SLEMAN, AKURATNEWS.co – Dugaan praktik politik uang (money politics) pada Pilkada Sleman 2024 yang dilakukan tim pemenangan pasangan calon (paslon) nomor urut 01, Kustini-Sukamto (Kusuka) akan ditindaklanjuti Bawaslu Sleman.

Dijelaskan Kadiv PP dan Datin Bawaslu Sleman, Antonius Hery Purwito, pihaknya memastikan akan menindaklanjuti kasus ini sesuai prosedur.

“Kami akan menindaklanjuti temuan ini sesuai mekanisme yang berlaku. Kami mohon masyarakat mempercayakan proses ini kepada kami,” ujar Antonius, Minggu (24/11).

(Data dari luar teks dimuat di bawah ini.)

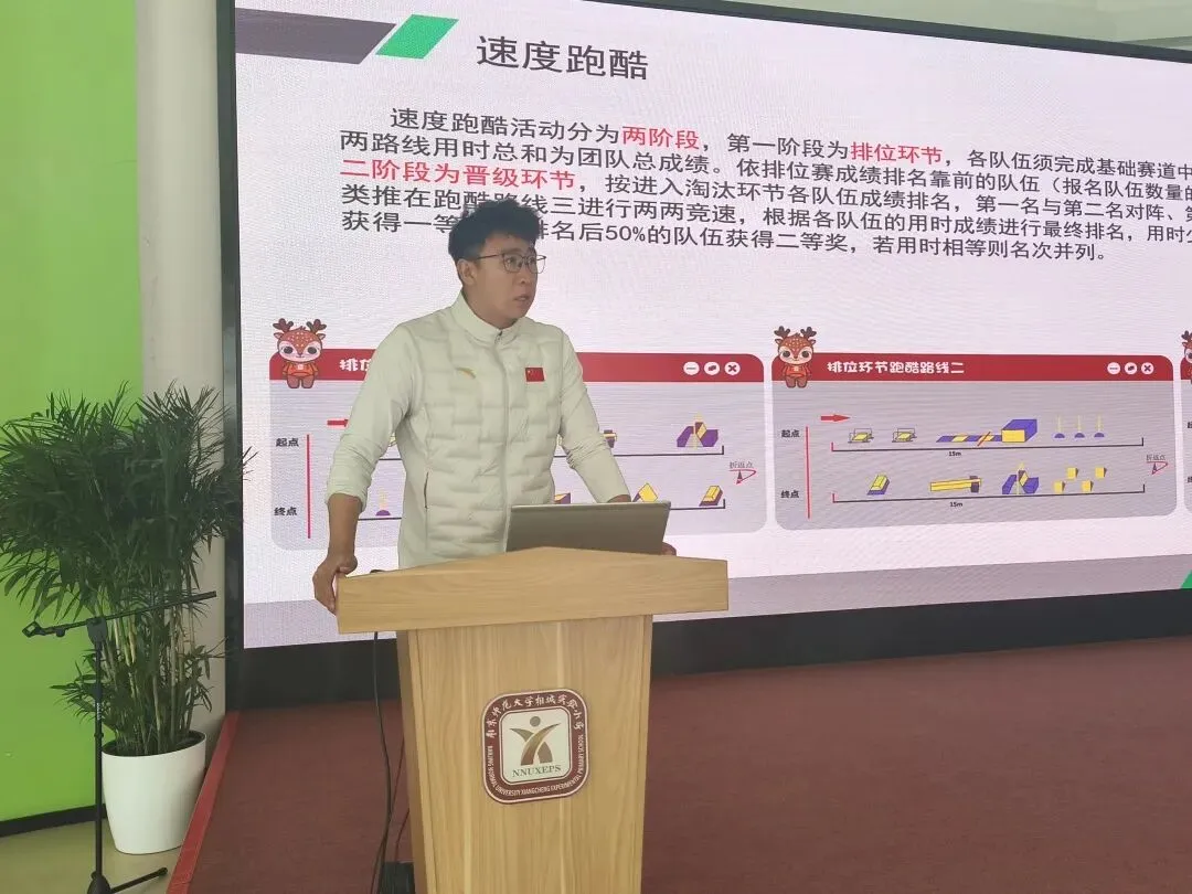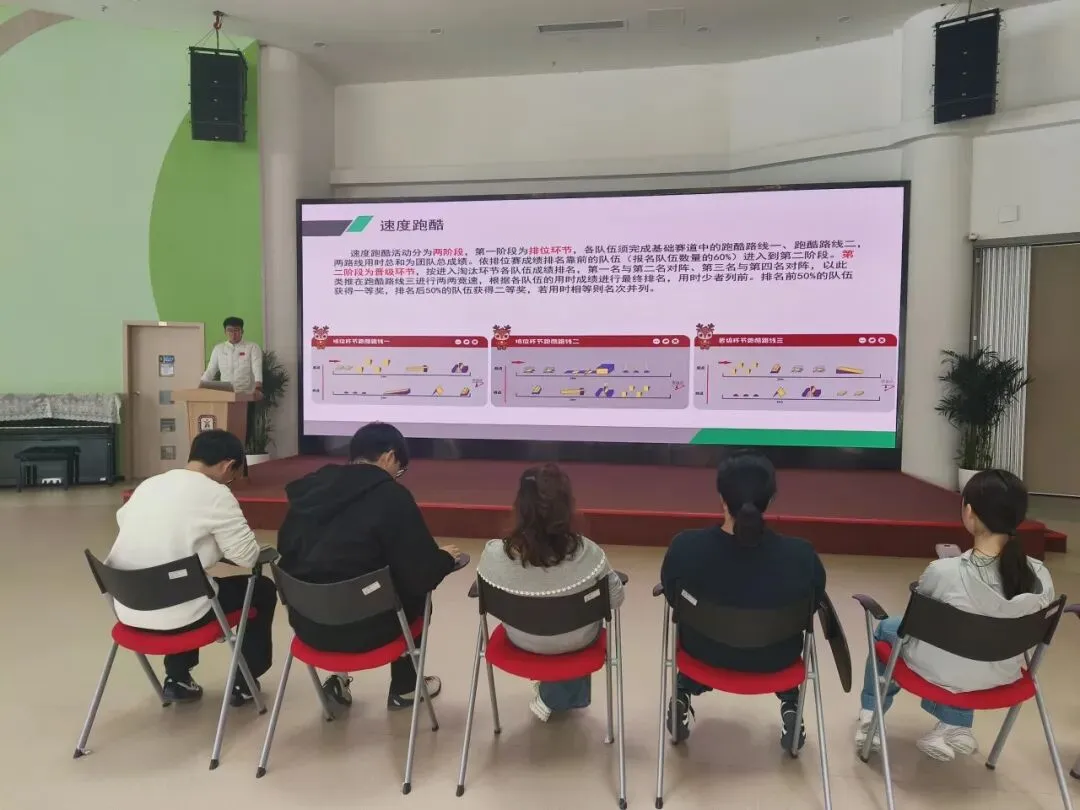 李教练围绕本次幼儿体育嘉年华的两大项目:速度跑酷和技能闯关,为老师们详细解读了竞赛规程。

Dugaan adanya politik uang ini dilaporkan usai tim paslon Kusuka tertangkap tangan membagi-bagikan uang di sejumlah wilayah Sleman. Aksi ini terjadi pada Minggu dini hari (14/11/2024), saat masa tenang telah diberlakukan.

Kejadian ini terungkap di Desa Sragan Banaran, Sendangmulyo, Kecamatan Minggir, Sleman. Tim pemenangan yang terdiri dari enam orang, yaitu Sutriyono, Poniman, Kasdana, Hari Sukaca, Iwan Purwanto dan Suyatna diamankan bersama barang bukti uang senilai Rp12 juta beserta daftar nama penerima.

Barang bukti tersebut kemudian diserahkan Lurah Sendangmulyo Budi Susanto kepada Bawaslu Sleman yang diwakili  Kadiv PP dan Datin Bawaslu, Antonius Hery Purwito,

Berdasarkan keterangan salah satu pelaku, aksi tersebut dikoordinasikan seseorang bernama Iskandar.

“Kami hanya menjalankan perintah untuk membagikan uang kepada daftar nama yang sudah ditentukan,” ungkap salah satu pelaku saat diperiksa.

Lurah Sendangmulyo, Budi Susanto menegaskan, masyarakat di wilayahnya telah berkomitmen menolak praktik politik uang. Ia pun meminta Bawaslu bertindak tegas terhadap pelanggaran ini.

“Kami sudah mendeklarasikan tolak politik uang. Jangan sampai kejadian ini berlalu tanpa sanksi tegas. Buktinya sudah jelas, dan Bawaslu harus segera menindak,” tegas Budi.

Sementara itu, Ketua Tim Koalisi Paslon nomor urut 02, Koeswanto mengecam keras dugaan tindakan politik uang yang dilakukan tim Kusuka. Ia menilai praktik tersebut merusak integritas demokrasi di Pilkada Sleman.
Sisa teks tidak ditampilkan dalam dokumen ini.